Socrates uses a jar analogy to describe people, those who have disciplined like has sound jars, and indiscipline person has leaky jars, requires constant refilling, which symbolises endless desires. The overall article is a Critique of Hedonism, Socrates critiques the hedonistic view that happiness comes from indulging in pleasures, showing the emptiness of such a life without restraint or purpose.

Aristotle’s Nicomachean Ethics states that the highest good, or eudaimonia (“happiness and flourishing”) achieves by living a life of rational activities in accordance with virtue. And virtue as a “mean” between deficiency and excess.
:- Courage lies between recklessness and cowardice
:- Generosity lies between wastefulness and stinginess

What is ‘end’? What ‘science’ investigates it?
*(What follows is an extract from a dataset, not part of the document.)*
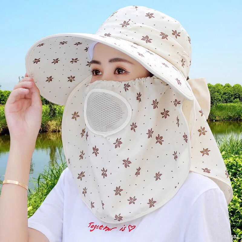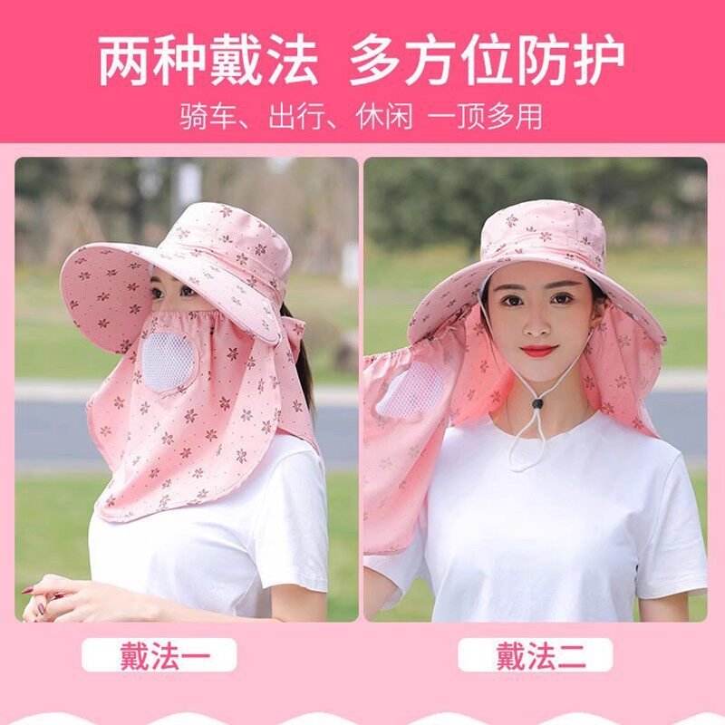 采茶帽春夏款骑车遮阳帽女士防晒护颈透气太阳帽面罩一体防风白色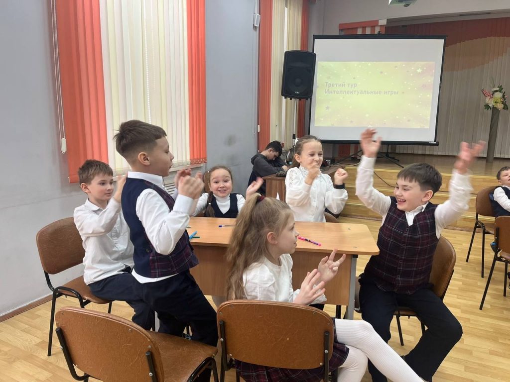 В стенах нашей школы кипели нешуточные интеллектуальные страсти! В актовом зале прошёл школьный тур игры ДетКИ для учащихся 3-х классов! С блестящим результатом победила команда «Белые фигуры»! Но на этом всё только начинается! Команду-победительницу ждёт серьёзное испытание — участие в районном этапе ОБЛАСТНОГО ИНТЕЛЛЕКТУАЛЬНОГО КОНКУРСА «ДЕТКИ», который состоится 5 февраля. Ребята — в активной стадии подготовки!

Everything that aims at an end is good, therefore, some ‘good’ is what we aim at. Pollical science investigates it, political tells society how to act, it’s about governing and behaviour.

How is happiness acquired?

Aristotle argues that it is a sort of habituation, and there are two kinds of virtue:
:- Intellectual – can be taught or read from book
:- Moral – rational thought requires time and thought

The Greeks believe truth might not be a thing, because everything is seen from our human eyes. Imagine you are a goat, or a cow, or a fish. Since they have different eyes, the world they see differs from what we see.

In the end, it leaves us with two things. Moral quality or Physical quantity.